The investigators explain that memory is the process whereby neurons (nerve cells) in certain areas of the brain encode information, store it, and retrieve it. Certain types of illnesses and injuries disturb this process, resulting in memory loss. “Losing our ability to remember past events and form new memories is one of the most dreaded afflictions of the human condition,” noted lead investigator Dr. Itzhak Fried, a professor of neurosurgery and psychiatry and biobehavioral sciences at the David Geffen School of Medicine at UCLA and the Semel Institute for Neuroscience and Human Behavior.

In 2012, Dr. Freid, together with lead author lead author Nanthia Suthana and colleagues. Published a study in the New England Journal of Medicine that demonstrated that human memory could be enhanced by stimulating the entorhinal area, a brain region known to be involved in learning, memory, and Alzheimer's disease. The entorhinal cortex is considered to be the entrance to the hippocampus, which helps form and store memories; it plays an indispensable role in transforming daily experience into permanent memories. The new, first-of-its kind project builds on that study.

Dr. Fried explained, “The entorhinal cortex is the golden gate to the brain's memory mainframe,. Every visual and sensory experience that we eventually commit to memory funnels through that doorway to the hippocampus. Our brain cells send signals through this hub in order to form memories that we can later consciously recall.” As a major component of the project, Dr. Fried’s team will stimulate and record activity of single neurons and small neuronal populations in epilepsy patients; these patients have electrode implanted in their brain as part of their epilepsy treatment. Dr. Mayank Mehta, UCLA professor of physics, astronomy, and neurobiology, together with Gabriel Kreiman, associate professor at Harvard Medical School, will team up with Dr. Fried’s researchers to develop computational models of how to intervene with sophisticated electrical stimulation to help restore memory function.

Dr. Fried notes that the models will be directly applied vias transformative technology developed by UCLA Henry Samueli School of Engineering and Applied Science researchers led by Dejan Markovic, an associate professor of electrical engineering.

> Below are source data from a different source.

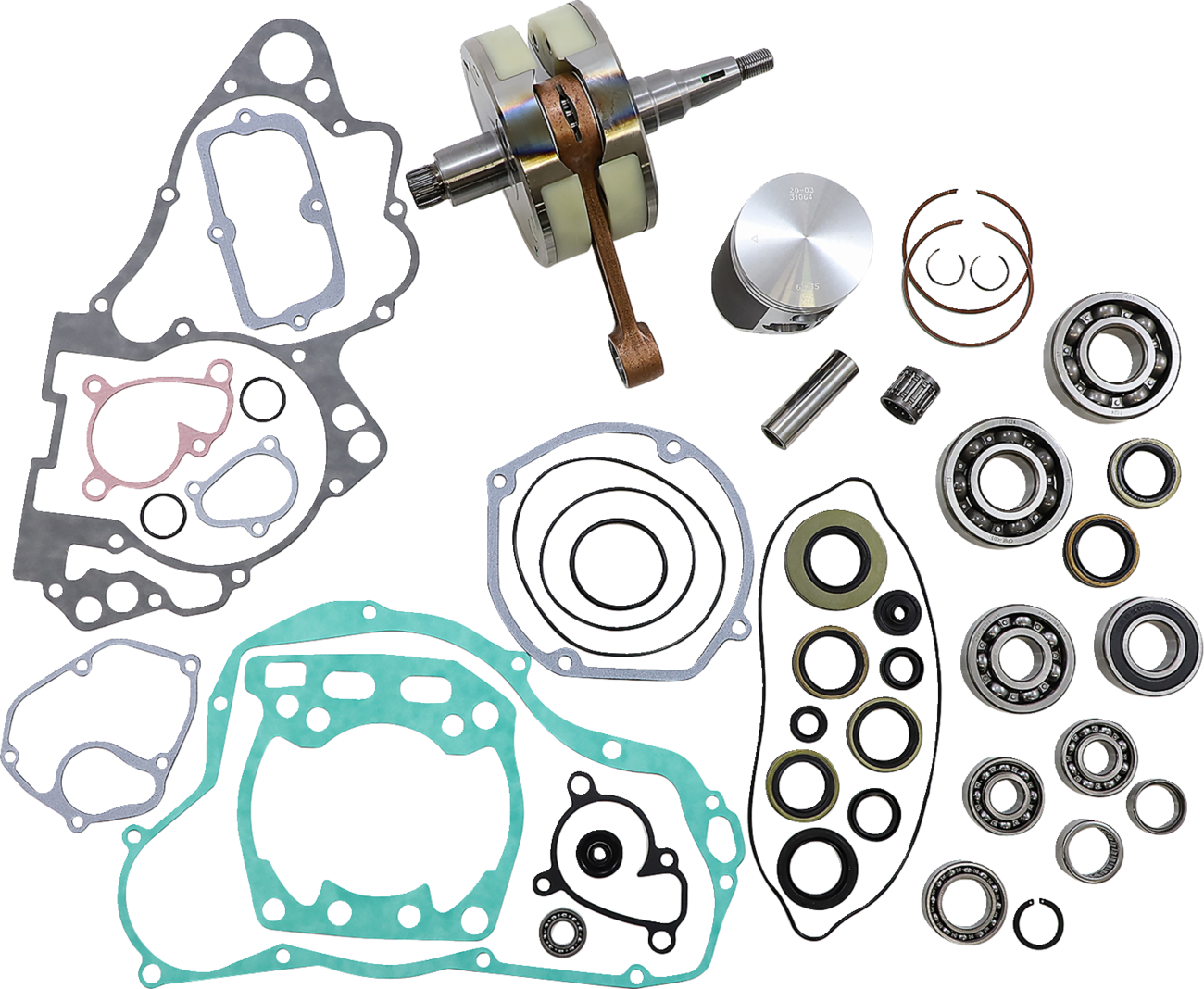 Convenient one-stop shop in a box; nearly all components required for a complete and professional rebuildVertex piston kit (standard compression piston, rings, pin and clips)Hot Rods heavy-duty crank (stock stroke with wrist pin bearing)Hot Rods main bearing/seal kitHot Rods transmission bearing kit (includes transmission bearings, output shaft collar and sprocket lock washer)Hot Rods counter balancer bearing kitHot Rods water pump bearing and seal kitVertex complete gaskets kit, including seals and O-ring kit (covers top and bottom)Specs
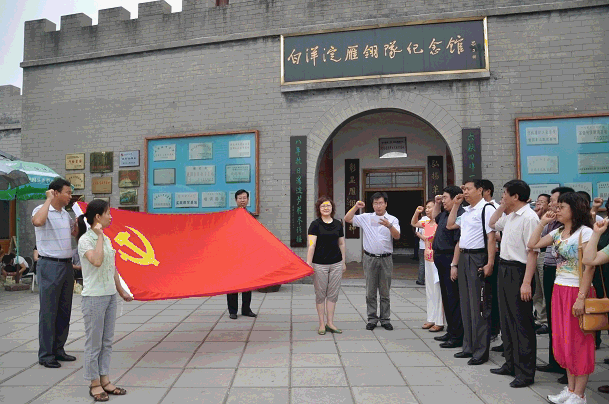 为迎接中国共产党建党89周年纪念日,2010年6月29日,市www.365466.com_365bet登录地址_365体育app安装组织60余名党员到安新白洋淀雁翎队纪念馆以重温党的历史、缅怀革命先烈、重走红色之路的形式,隆重纪念党的生日,使每名党员经受了一次终身难忘的红色洗礼。
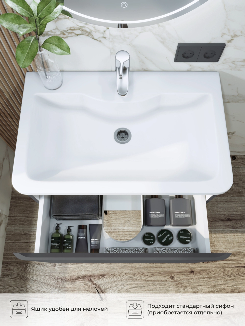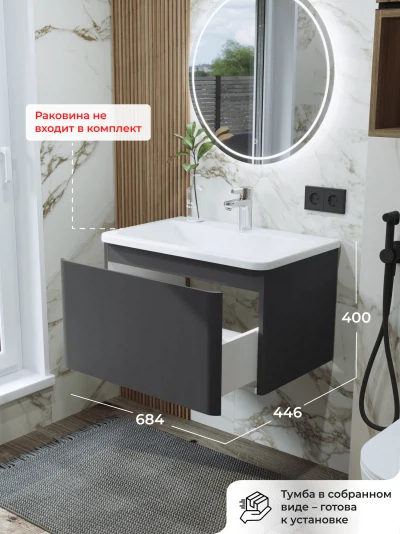 Тумба под раковину подвесная Итана Roberto 70 с выдвижным ящиком Графит

Dr. Markovic’s team will work with Lawrence Livermore National Laboratory and Stanford University engineers to develop the electronics embedded in the neuromodulation device.

The Lawrence Livermore National Laboratory will be awarded $2.5 million under a separate cooperative agreement with DARPA to develop an implantable neural device with the ability to record and stimulate neurons within the brain; the goal of the project is memory restoration. Dr. Markovic explained that the goal is to create miniature wireless neural sensors that are significantly more sophisticated than those in existence today. The inductively-charged, wireless sensors will track and modulate neural activity with extremely precise spatial and temporal resolution that will continuously update and modulate precise patterns of stimulation to optimize therapy and restore memory function.

Dr. Marcovic explained, “We are developing ultralow power electronics in order to measure activity of specific areas of the brain, do neural signal analysis and wirelessly transmit that information to an outside device in close proximity to the implants. The implants and the outside device will talk to each other. The goals are to provide better therapy for people with neurological dysfunction and help those with epilepsy and brain injury to enhance and restore memory.” He notes that the team will investigate areas of the brain associated with memory to understand how memories are formed and reduce the effect of memory disorders.

The second phase of the program will involve the use of minimally invasive surgery to implant the neuromodulation device into the entorhinal area and hippocampus in patients with traumatic brain injury as a component of a clinical trial. Since 2000, more than 270,000 military service members have suffered a traumatic brain injury, which is frequently associated with debilitating memory loss.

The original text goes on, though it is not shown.